As propostas incluem a criação do Programa Nacional de Competitividade em Vacinas (Inovacina) e a Câmara Multisetorial de Imunobiológicos. Com essas iniciativas, o Projeto Inovação espera resolver ou amenizar gargalos que dificultam o crescimento e desenvolvimento da área de imunobiológicos, por meio da coordenação das pesquisas na área, modificações nas políticas de apoio à investigação científica, produção, assessoria e estímulo à melhoria da gestão e dos recursos humanos, entre outras medidas.
A orientação das ações e estratégias governamentais no setor ficaria a cargo do Inovacina. Suas atribuições incluiriam a definição da política de preços, gestão, recursos humanos, propriedade intelectual, regulação, normas de qualidade, modernização, pesquisa e prioridades.

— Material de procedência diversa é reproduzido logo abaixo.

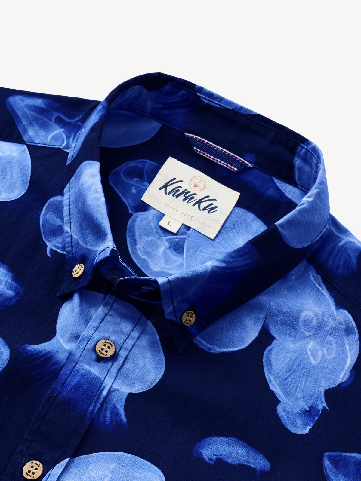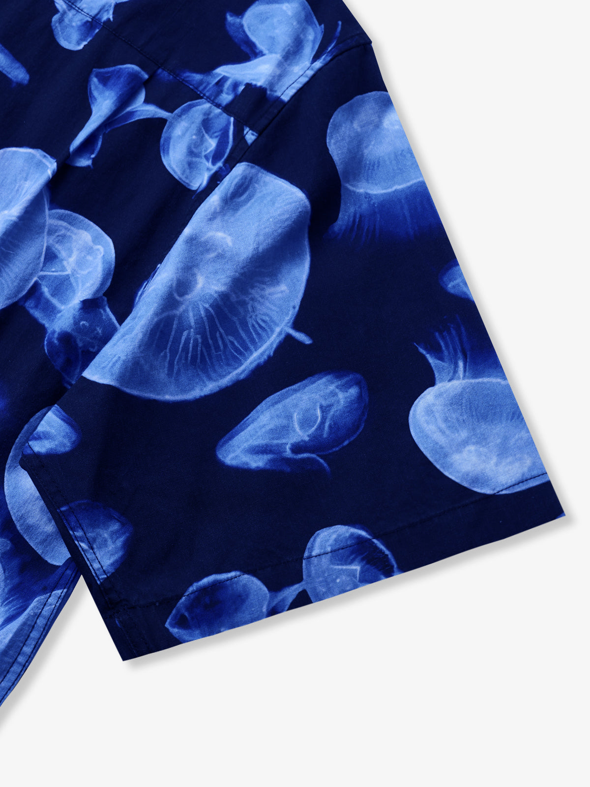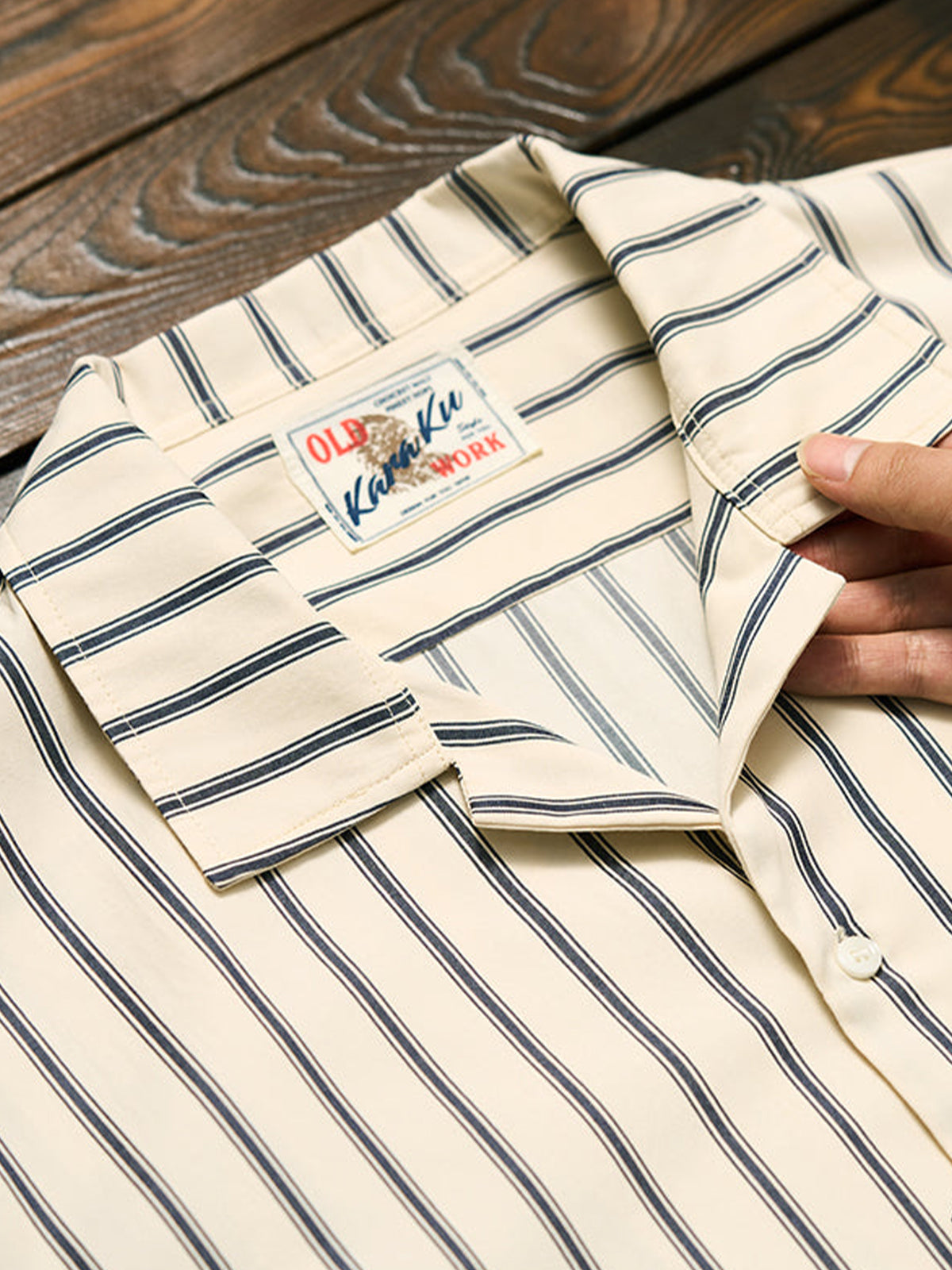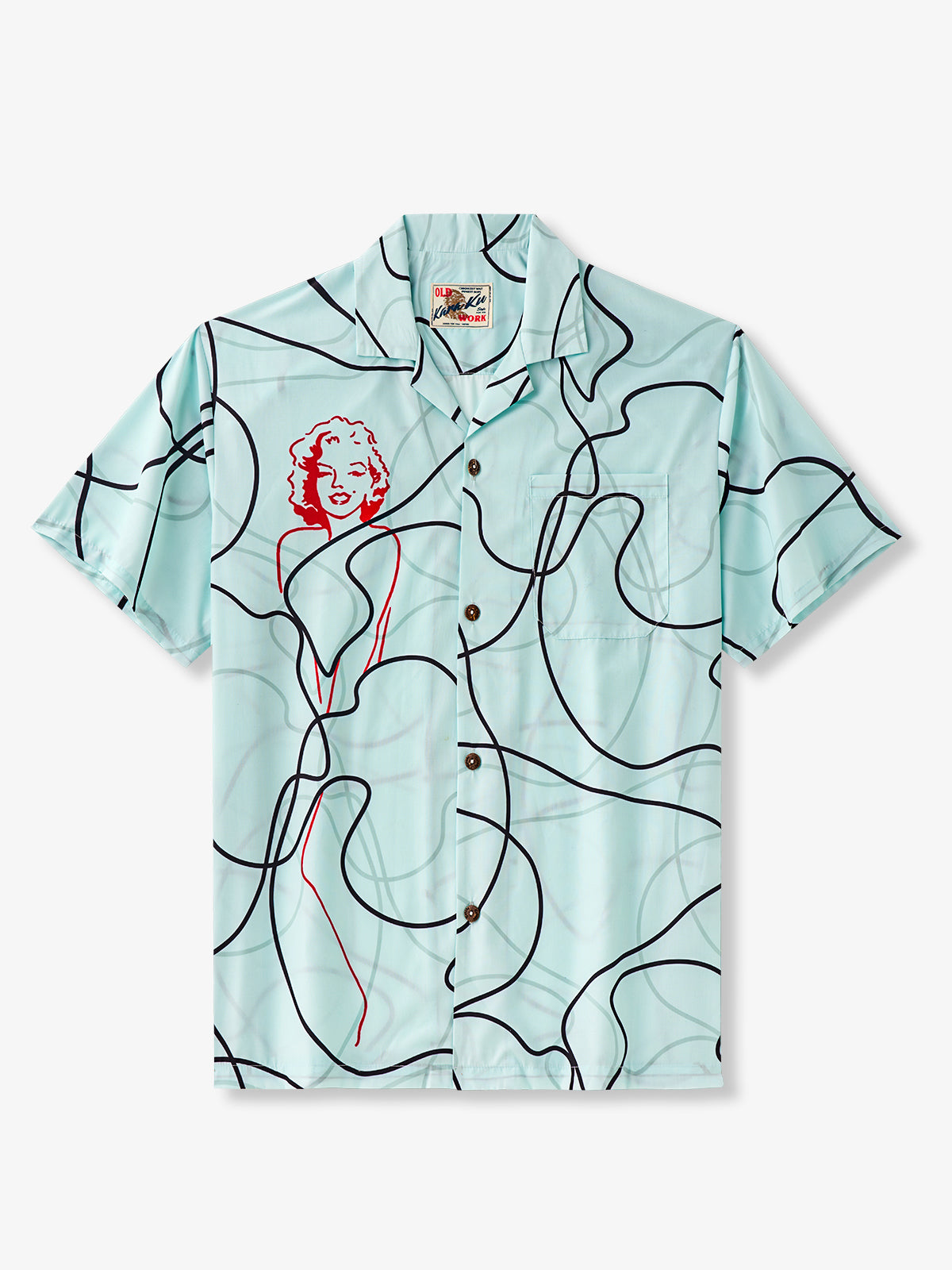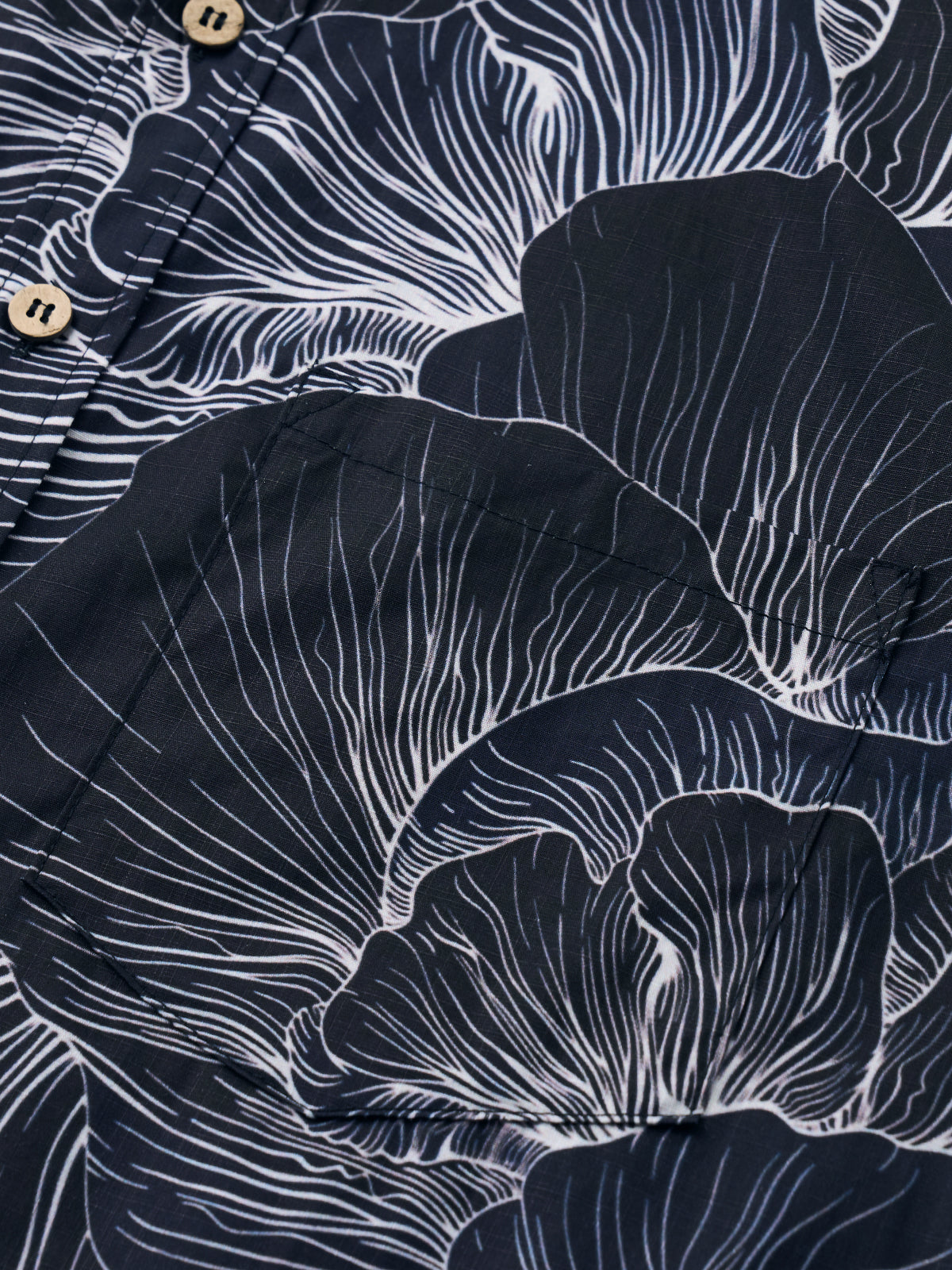 "Aonamizu" Ukiyo-e Print Short-sleeved Open Collar Shirt

Já a Câmara Multisetorial de Imunobiológicos seria responsável pela discussão de problemas e avaliação das prioridades e políticas para a área. Formado por representantes dos ministérios da Saúde, Integração Nacional, Desenvolvimento e Ciência e Tecnologia, o órgão incluiria componentes da Agência Nacional de Vigilância Sanitária (Anvisa), Secretaria de Vigilância em Saúde (SVS), Secretaria de Ciência, Tecnologia e Insumos para a Saúde (SCTIE), das agências de fomento à pesquisa, do Banco Nacional de Desenvolvimento Econômico e Social (BNDES) e dos produtores de vacinas e soros, entre outros.
O órgão seria composto por uma instância superior, responsável pelas definições estratégicas, e câmaras técnicas, que fariam o assessoramento em áreas como gestão, qualidade, pesquisa e desenvolvimento e financiamento.